Bürgerstiftung der Volksbank spendet 1,75 Millionen Euro

Ahr. Die Bürgerstiftung der Volksbank RheinAhrEifel eG hat im Rahmen des groß angelegten Hilfsprogramms der Genossenschaftsbank die ersten 1,75 Millionen Euro an Unwettergeschädigte im Geschäftsgebiet der Bank gespendet.

Für die betroffenen Regionen im Landkreis Mayen-Koblenz erhielt die Kreisverwaltung einen Pauschalbetrag. Der Landkreis Vulkaneifel wurde über die Bürgerstiftung des Landkreises Vulkaneifel mit einer Spende bedacht. Da die Schäden im Kreis Ahrweiler deutlich größer sind, gibt die Bürgerstiftung hier das Geld zweckgebunden direkt an die betroffenen Städte und Ortsgemeinden weiter. „Mit der Verteilung dieser ersten großen Soforthilfe über die Bürgermeister stellen wir sicher, dass das Geld zeitnah, unbürokratisch und zielgerichtet bei den Menschen ankommt, die am schwersten von der Unwetterkatastrophe betroffen sind“, erklärt Sascha Monschauer, Vorsitzender des Stiftungsvorstands der Bürgerstiftung.

Mehr als eine Millionen Euro über die Spendenplattform eingegangen

Alleine über die Volksbank-Spendenplattform „Viele schaffen mehr“ wurden bislang über eine Millionen Euro für die Bürgerstiftung gesammelt. „Die Spendenbereitschaft der Bevölkerung ist enorm und seit Tagen ungebrochen“, so Sascha Monschauer. „Neben den vielen Privatpersonen und Unternehmen haben wir auch zahlreiche Spenden von anderen Volksbanken und Raiffeisenbanken erhalten – die Solidarität ist groß.“ Darüber hinaus hatte die Volksbank die ersten 150.000 Euro, die eingingen, aus ihrem Spendentopf verdoppelt.

Die Spendenaktion auf der „Viele schaffen mehr“-Plattform läuft noch bis zum 18. August 2021 und ist unter folgendem Link erreichbar: www.voba-rheinahreifel.de/vobahilft.
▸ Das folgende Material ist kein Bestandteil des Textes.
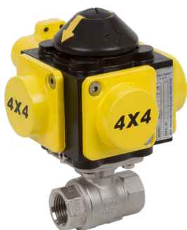
Pictured with 4x4 Actuator

Size Range: 1/4" - 2" Body Material: 316 Stainless Steel Seat Material: TFM® Ends: Threaded Max Pressure: 1000 CWP Max Temp: 450° F
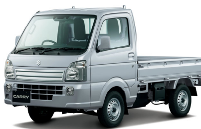
CARRY KX with stereo camera mounted
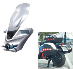
Police Kit 1 Police Front cover with Screen, fittings set and 3 suitcases

Daneben hat die Bürgerstiftung ein Spendenkonto mit der IBAN DE71 5776 1591 0417 8949 00 (BIC: GENODED1BNA) eingerichtet. Weitere Spenden wird die Bürgerstiftung ebenfalls zeitnah weitergeben.

Auch der genossenschaftliche Verbund unterstützt in den betroffenen Regionen. Er spendet eine Summe von 1,25 Millionen Euro an das Technische Hilfswerk sowie an das Deutsche Rote Kreuz.